# [WHAT THE TASK ASKS]
Only the lines that contain the string "para" belong in the answer; pull them from the records.

# [PROVIDED INFORMATION]
※ ※ ※

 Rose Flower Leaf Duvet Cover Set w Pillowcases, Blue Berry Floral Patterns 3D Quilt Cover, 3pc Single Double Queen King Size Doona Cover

※ ※ ※

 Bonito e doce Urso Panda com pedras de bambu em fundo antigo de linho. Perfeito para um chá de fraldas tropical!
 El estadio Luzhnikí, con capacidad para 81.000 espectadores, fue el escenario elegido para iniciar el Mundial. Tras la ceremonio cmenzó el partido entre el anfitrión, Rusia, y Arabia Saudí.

※ ※ ※

# [SOLVED EXERCISE]
 Bonito e doce Urso Panda com pedras de bambu em fundo antigo de linho. Perfeito para um chá de fraldas tropical!
 El estadio Luzhnikí, con capacidad para 81.000 espectadores, fue el escenario elegido para iniciar el Mundial. Tras la ceremonio cmenzó el partido entre el anfitrión, Rusia, y Arabia Saudí.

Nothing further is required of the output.